Nairobi — The World Bank has warned that Kenya is one of the developing countries whose already impoverished sections of the population are likely to sink deeper into poverty.
Chief Economist of the World Bank's Human Development Network, Shanta Devarajan, said Kenya like other developing countries must pursue improved pro-poor policies by ensuring poor people access basic services, in quantity and quality.
He said governments had often miserably failed to deliver key services to the poor hence frustrating their realisation of a set of development targets known as the Millennium Development Goals (MDGs). These goals call for halving of the global incidence of poverty and broad improvement in human development by 2015.

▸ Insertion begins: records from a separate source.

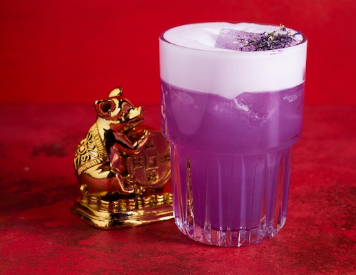 А Артём Лукьянов готовит праздничные коктейли — «Китайский мудрец» с джином, шалфеем, соком красного апельсина, лаймом и домашним сиропом из клевера и «Восточный цветок» с водкой, саке, анчаном, белым виноградом, домашним сиропом из кардамона и соком лимона (на фото).
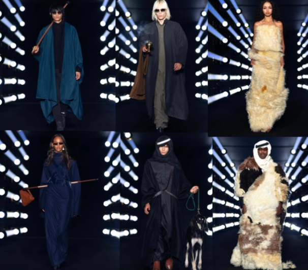 • الخامات والتقنيات: تطريز السدو استخدم كعنصر يشير إلى الحِرفة السعودية، لكن مصمّم برؤية معاصرة؛ الفروة والمعاطف الكلاسيكية أعيدت قراءتها في ضوء الحركة والتجريد — ليس للتنويع فقط، بل لتسليط الضوء على الدقائق التي تشكّل الحرف
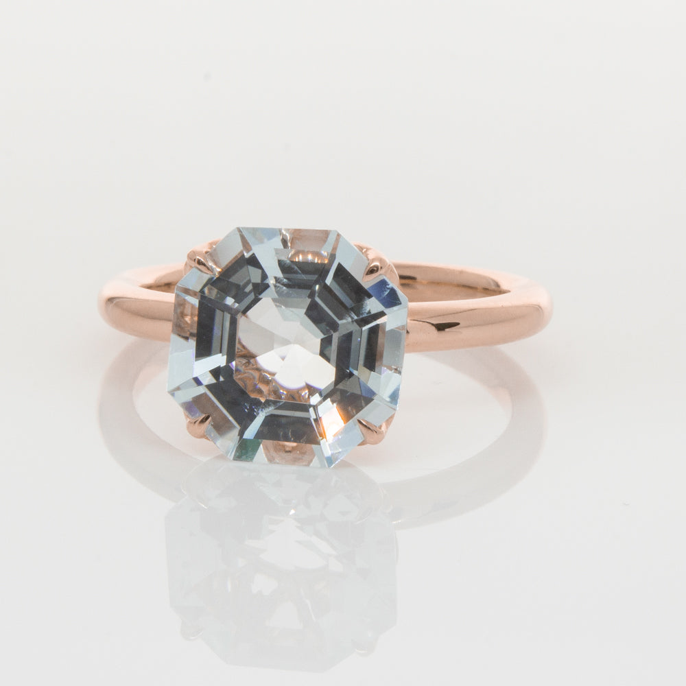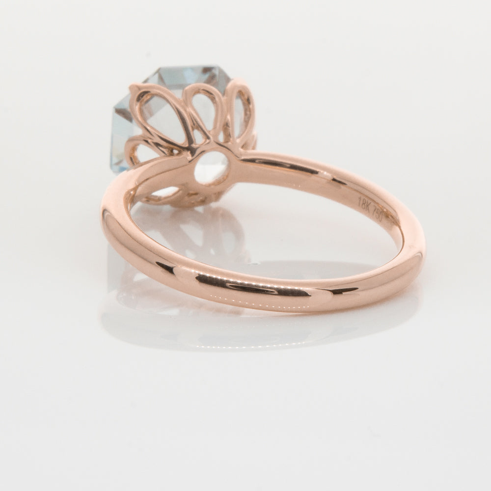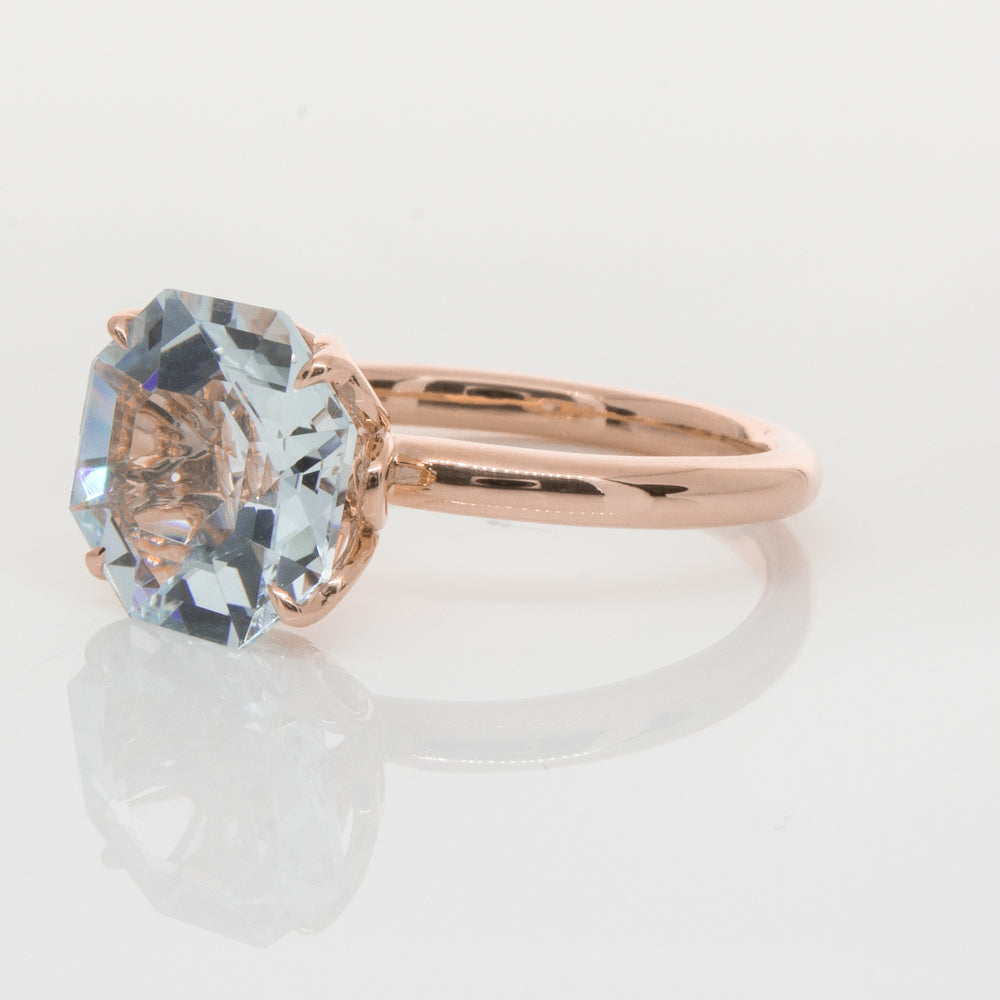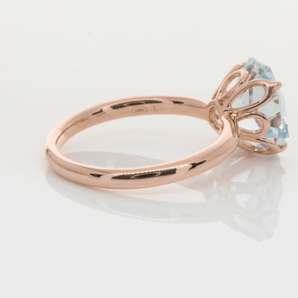 Carefully crafted in 18ct rose gold from our signature 1899 collection, this stunning Octavia ring boasts a custom cut eight-sided aquamarine resting in eight elegant petals. Simply stunning!

He referred to personal accounts from poor people in Kenya, which had complained of poor quality delivery, particularly of police and electricity services. Devarajan quoted a section of the people who had complained that in the country you could no longer carry much money because there were too many policemen on the streets.
He said though increased presence of police would have otherwise meant additional security the complaint was a clear demonstration of lack of quality policing.
Devarajan was speaking during the launch of World Bank Development Report 2004: Making Services for Poor People at a Nairobi hotel yesterday. Also present was World Bank Country Director, Makhtar Diop.
The report warns that broad improvements in human welfare will not occur unless poor people receive wider access to affordable, better quality services in health, education, water, sanitation and electricity. "Without such improvement in services, freedom from illness and illiteracy, two of the most important ways poor people can escape poverty will remain elusive to many," it said.
The report comes at a time when rich countries have pledged to increase foreign aid and poor countries have pledged to improve their policies and institutions to try to reach the goals.
The report indicates, however, that there were countries where services do work, showing how governments and citizens could do better to improve the situation of the poor.
According to the bank, the main difference between success and failure in the degree to which the poor were themselves involved in determining the quality and the quantity of the services they receive at any one time.
The report points to several success stories, saying Indonesia used its oil windfall to build new schools and hire more teachers, doubling primary enrolment to 90 per cent in 1986.
The report, however, also warned against large-scale privatisation of essential services, saying it would be wrong to conclude that Government should give up and leave everything to the private sector.
"If individuals are left to their own devices, they will not provide levels of education and health that they collectively want. Not only is this true in theory, but in practice no country has achieved significant improvement in child mortality and primary education without government involvement," the bank said.